Background As children progress to higher stages of AKI, the risk for adverse outcomes dramatically increases. No reliable methods exist to predict AKI progression in hospitalized children. To determine if biomarkers of inflammation and kidney injury can predict AKI progression, we conducted a three-center prospective cohort study of children undergoing cardiopulmonary bypass.Methods On the first day of serum creatinine-defined AKI, we measured urine biomarkers (neutrophil gelatinase-associated lipocalin [NGAL], IL-18, kidney injury molecule 1, liver fatty acid binding protein [L-FABP], albumin, and cystatin C) and plasma biomarkers (IFN, IL-1, IL-2, IL-4, IL-6, IL-8, IL-10, IL-12, IL-13, TNF-α, NGAL, and cystatin C).

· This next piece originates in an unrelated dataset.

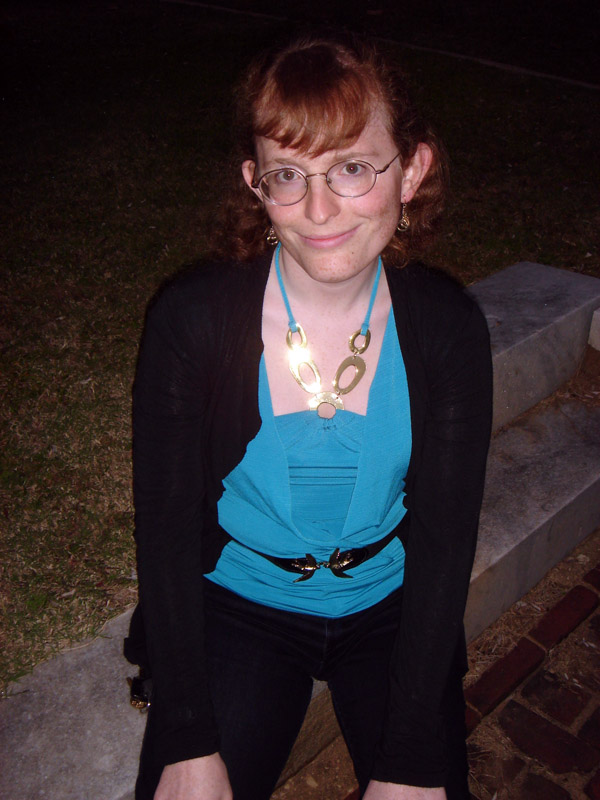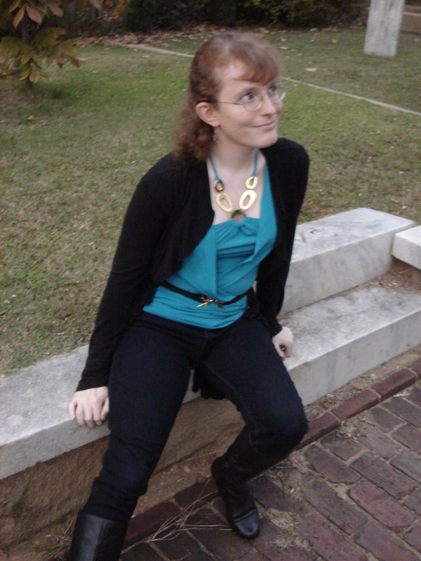 My top is of a curiously complex design I'm rather fond of, where a mock wrap has a center section supported by a halter. The blue cord originally tied in the back, but it was difficult to adjust to a desired length and the knot always managed to capture some of my hair. I added a lobster clasp and a two inch chain for easy adjustment. Normally I wear the chain so that the neckline is nearly as high as it will go, but knowing the manner in which many of my fellow con goers would be dressing, I let it all the way down today.

We defined AKI progression as a worsening of AKI stage or persisting stage 3 AKI (≥2 consecutive days).Results In all, 176 of 408 (43%) children developed postoperative AKI. Among the children with AKI, we diagnosed stages 1, 2, and 3 AKI in 145 (82.5%), 25 (14%), and six (3.5%) children, respectively, on the first day of AKI; 28 (7%) children had AKI progression. On the first day of AKI, nine of 17 biomarkers were significantly higher in patients with than without AKI progression. Urine L-FABP (among injury biomarkers) and plasma IL-8 (among inflammatory biomarkers) had the highest discrimination for AKI progression: optimism-corrected area under the curve, 0.70; 95% confidence interval, 0.58 to 0.81 and optimism-corrected area under the curve, 0.80; 95% confidence interval, 0.69 to 0.91, respectively.Conclusions If validated in additional cohorts, plasma IL-8 could be used to improve clinical care and guide enrollment in therapeutic trials of AKI.